У Москвы-реки чинил свой сапог
Сын сапожника, старый Грузин.
На ветру старичок посинел и продрог,
А Вождь по воде ходил.

И Грузин закричал: «Я пакыну прычал,
Эслы ты мну аткроишь сэкрэт!»
— «Успокойся, го'убчик», — Вождь отвечал, —
«Никакого сек'ета здесь нет.

Смот'и: на площади той
Каменный Мавзолей.
Под ним с десяток солдат;
Полежи-ка ты в нём.

А когда надоест, возв'ащайся назад,
Гулять по воде,
Гулять по воде,
Гулять по воде со мной».

— «Но Учытэл, на касках свэркают рога,
Страшний Гытлэр гразыт мну пэрстом.
Абъясны мну сычас, пажялэй дурака,
Мавзалэй астав на патом».

Рассердился Вождь и топнул в сердцах
По водной глади ногой:
«Ты и ве'но ду'ак!» И Грузин в слезах
Побрел с сапогами домой.

— «Каменный Мавзолей
На площади той.
Под ним с десяток солдат;
Полежи-ка ты в нём!

А когда надоест, будешь вечно живой,
Гулять по воде,
Гулять по воде,
Гулять по воде со мной».



Воздушный Гармонь (Цедлиц—Лермонтов—Исаковский—Товарищ У)

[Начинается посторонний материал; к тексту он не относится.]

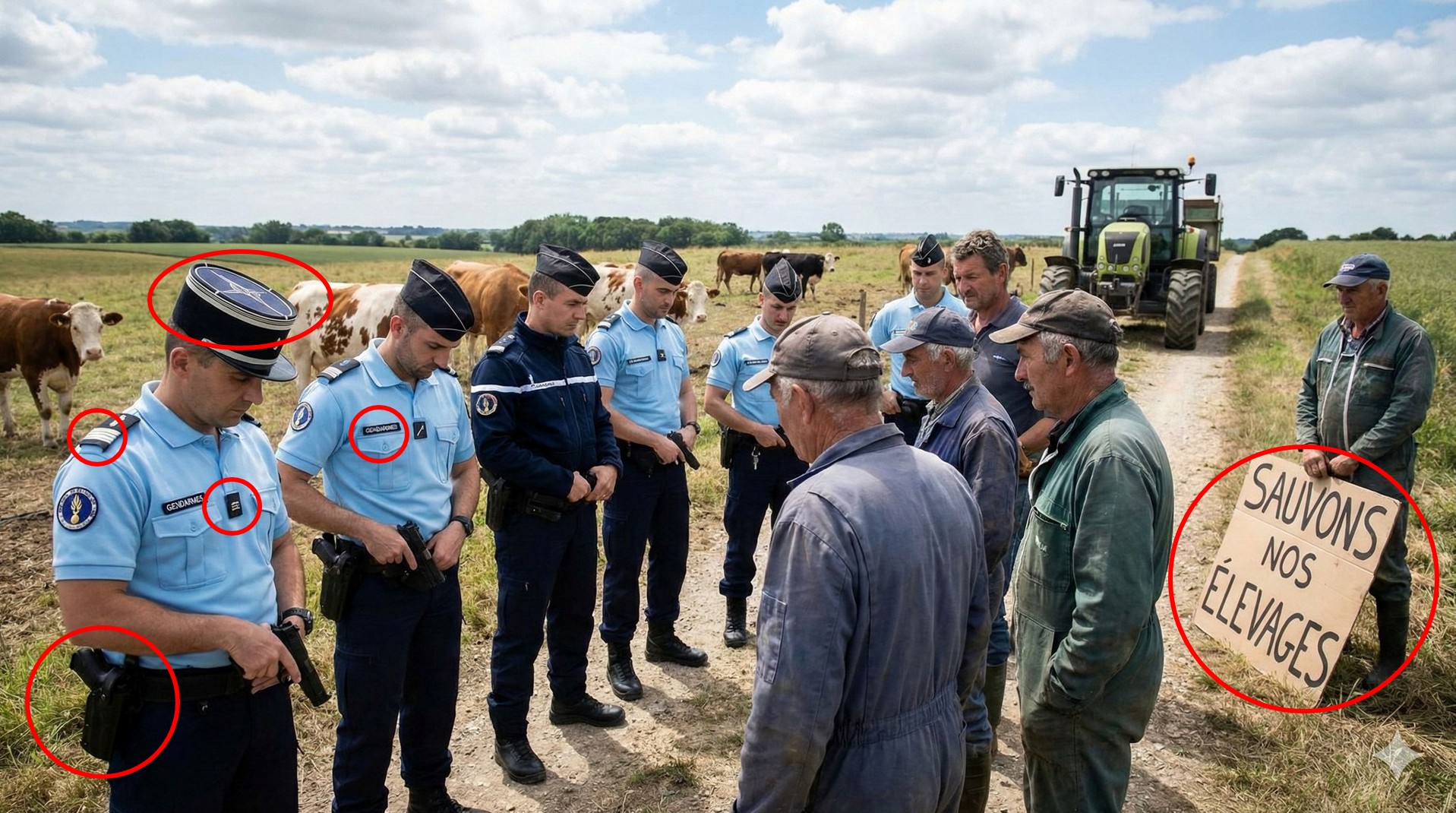 L’information selon laquelle « sept gendarmes mobiles auraient refusé l’affrontement avec les paysans » n’a été confirmée par aucun média reconnu. Elle n’a circulé que dans des sphères idéologiques très marquées, souvent peu regardantes sur la vérification des faits. Pourtant, cette affirmation a trouvé un puissant renfort visuel : une image choc, censée incarner la preuve ultime.

Снова замерло всё до рассвета,
Дверь не скрипнет, не вспыхнет огонь.
Только слышно: на улице где-то
Одинокая бродит гармонь.

И из гроба тогда император,
Пробудившись, является вдруг;
А на нём треугольная шляпа,
Тёмно-серый походный сюртук.

То пойдёт на поля, за ворота,
То обратно вернётся опять, —
Словно ищет в потёмках кого-то,
И не может никак отыскать.

Грозно топнув о землю ногою,
Рассердившись, и взад и вперёд
Вдоль по тихому берегу ходит,
И соратников громко зовет.

Веет с поля ночная прохлада,
С яблонь цвет облетает густой...
Ты признайся — кого тебе надо,
Ты скажи, император ты мой.

Крепко спят усачи-гренадеры —
В той равнине, где Эльба шумит,
И под снегом холодной России,
И под знойным песком пирамид.

Может, твой уж покой недалёко,
Да не знает, его ли ты ждёшь...
Что ж ты бродишь всю ночь одиноко,
Что Кутузову спать не даёшь?

После станет и тяжко вздыхает.
А когда озарится восток,
Тихо капают горькие слёзы
Из очей на холодной песок.

И по синим волнам океана,
Только солнце сверкнет в небесах,
Вдаль умчится корабль одинокий,
Унесётся на всех парусах.



Адольф Гитлер (Электронный мальчик—Товарищ У)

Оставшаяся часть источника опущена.